先ほどまでの冷徹な雰囲気は消え、少年のように無邪気な表情をしている。
こちらの顔の方が、数倍マシね。
「気に入った」
彼は短く告げた。
「おい、ゲートを開けろ。この客人は俺が預かる」
「えっ、で、ですが殿下! 身元も不明な者を城に入れるなど……!」
「身元なら分かっている。隣国を騒がせている公爵令嬢だろう? こんな傑作を野放しにしておくのは惜しい」
ジェラルド殿下は私に向かって手を差し出した。
「ニアン・ローズベルク。俺の屋敷へ招待しよう。

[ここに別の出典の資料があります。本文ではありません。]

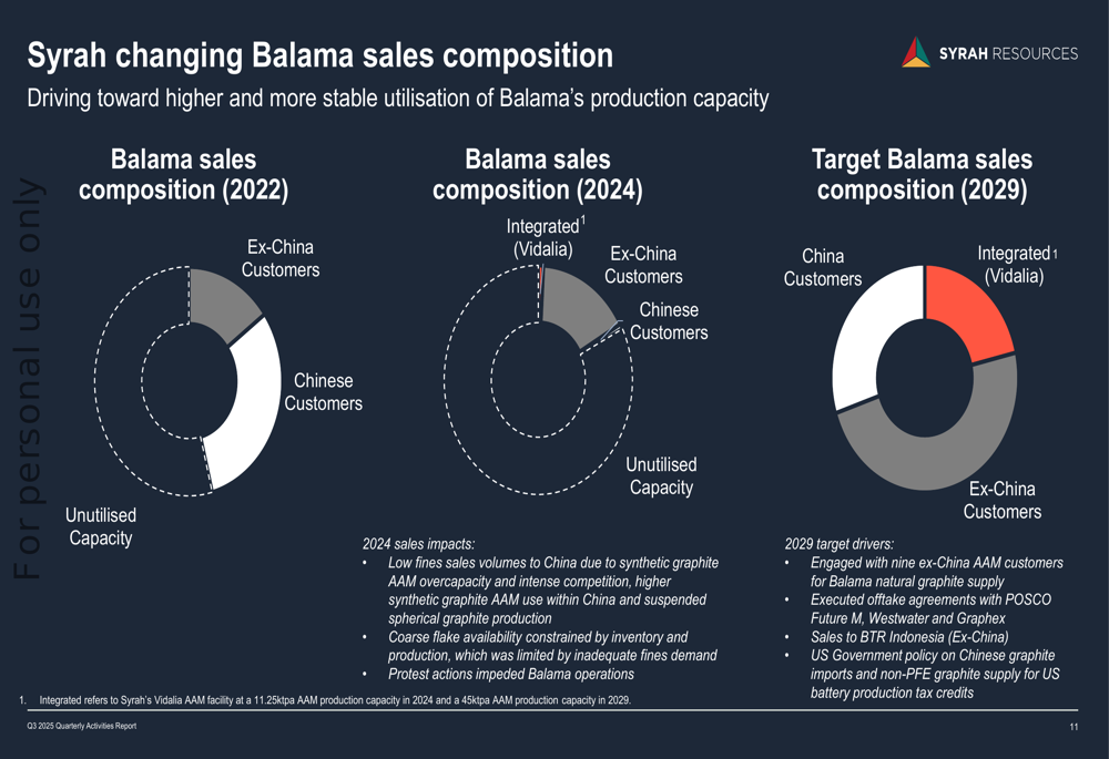 Syrah is actively working to reshape its sales composition, reducing reliance on the Chinese market and focusing on higher-value customers in ex-China markets and vertical integration through its Vidalia facility. The company has engaged with nine ex-China AAM customers for Balama natural graphite supply and has executed offtake agreements with POSCO Future M, Westwater, and Graphex.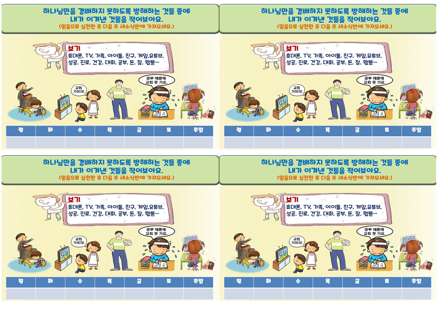 25.10.20 GNC 주보 및 교안 작성자CEF 동부산지회|작성시간25.10.21|조회수50 목록 댓글 0 글자크기 작게가 글자크기 크게가 25.10.20 공과 - 8과 우상에게로 돌아선 백성.hwp250.50KB25.10.20 주보 - 8과 우상에게로 돌아선 백성.hwp1.04MB복음메세지.pdf732.82KB8주 찬양뽑기.hwp28.00KB 첨부파일첨부된 파일이 9개 있습니다. jpg 파일 모세 8과 상기물001.jpg 다운로드 jpg 파일 모세 8과 상기물002.jpg 다운로드 jpg 파일 KakaoTalk_20251021_152846179.jpg 다운로드 jpg 파일 KakaoTalk_20251021_152846179_01.jpg 다운로드 jpg 파일 성경.jpg 다운로드 hwp 파일 25.10.20 공과 - 8과 우상에게로 돌아선 백성.hwp 다운로드 hwp 파일 25.10.20 주보 - 8과 우상에게로 돌아선 백성.hwp 다운로드 pdf 파일 복음메세지.pdf 다운로드 hwp 파일 8주 찬양뽑기.hwp 다운로드 다음검색 현재 게시글 추가 기능 열기 북마크 공유하기 신고 센터로 신고 댓글 댓글 0 댓글쓰기 답글쓰기 댓글 리스트

牢屋よりは快適なベッドと、そこそこの鏡は用意できる」
私はその手をじっと見つめた。
武骨だが、形の良い手だ。
エスコートの手つきとしては合格点。
「そこそこ、では困るわ。最高級の鏡を用意なさい」
「善処しよう」
「それに、私の専属シェフと美容師も雇ってもらうわよ。食事とヘアセットは命に関わるの」
「ははっ、注文の多い客だな。いいだろう、全部叶えてやる」
彼は楽しそうに笑い、部下たちに指示を出した。
「先導しろ! 俺の屋敷へ向かうぞ!」
こうして、私は難なく国境を越えることになった。
兵士たちは狐につままれたような顔で道を開ける。
私の馬車は、一国の王子の先導付きで、堂々と隣国へ入国を果たしたのだ。
「ねえセバスチャン」
馬車が動き出し、私は小窓から執事に話しかけた。
「あの方、私のことが好きみたいね」
「……は?」
セバスチャンが素っ頓狂な声を出す。
「だって見たでしょう? あの笑顔。完全に私に惚れている顔よ。一目惚れってやつね。罪な女だわ、私って」
「お嬢様。あれはおそらく、珍獣を見る目かと……」
「珍獣? パンダのこと? 確かにパンダも可愛いけれど、私ほどではないわ」
「……いいえ、もう結構です」
セバスチャンは会話を放棄した。
私はクッションに深く沈み込み、口元を緩めた。
「まあいいわ。住居とパトロンを確保できたのは計算通りよ。これで心置きなく、この国での布教活動(自分磨き)に専念できるわね」
ジェラルド・アークライト。
『氷の騎士』なんて大層な二つ名を持っているけれど、私にかかればチョロいものよ。
私のファンクラブ会員番号1番に任命してあげてもいいわね。
窓の外では、ジェラルド殿下がまだ時折思い出し笑いをしているのが見えた。
私の華麗なる隣国生活は、どうやら波乱ではなく、爆笑と共に幕を開けたようである。